Effect of temperature (15, 20, 25 and 30 °C) on the growth rate (A) and medium pH (B) of the maize coleoptile segments that had been incubated in the presence of the optimal concentration of the IAA (10⁻⁴ M). For comparison, the effect of the optimal concentration of FC (10⁻⁶ M, red curve) at 25 °C is also shown. After preincubation (over 120 min at the desired temperature) of the coleoptile segments in the control medium, IAA was added (arrow).
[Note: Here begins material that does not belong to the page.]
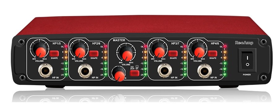 iCON ReoAmp – это профессиональный усилитель для наушников в прочном и компактном алюминиевом корпусе. Устройство обладает необходимой выходной мощностью для подключения профессиональных студийных наушников. Модель имеет 4 выходных канала и поддерживает одновременное подключение до 8 комплектов наушников. Для каждого из 4-х каналов на фронтальной панели предусмотрена ручка регулировки громкости сигнала, 6-ти сегментный светодиодный индикатор уровня громкости, кнопка включения режима Shape Out и разъем для наушников 1/4" Jack TRS. Дублирующие разъемы 1/4" Jack TRS для подключения к каналам второго комплекта наушников расположены на задней панели. Включение режима Shape Out изменяет частотные характеристики сигнала.

The arrow pointing up indicates movement to the left the second phase of the IAA-induced growth and the maximal growth rate that was induced by FC. The inset in Figure 4A shows the total elongation growth (µm cm⁻¹), which was calculated as the sum of the extensions from 3 min interval measurements over 10 h; however, the one in Figure 4B shows the medium pH changes expressed as changes in the H⁺ concentration per coleoptile segment. The medium pH changes were measured simultaneously with growth (Figure 4A) using the same tissue samples. All of the curves are the means of at least seven independent experiments. Bars indicate ± SE.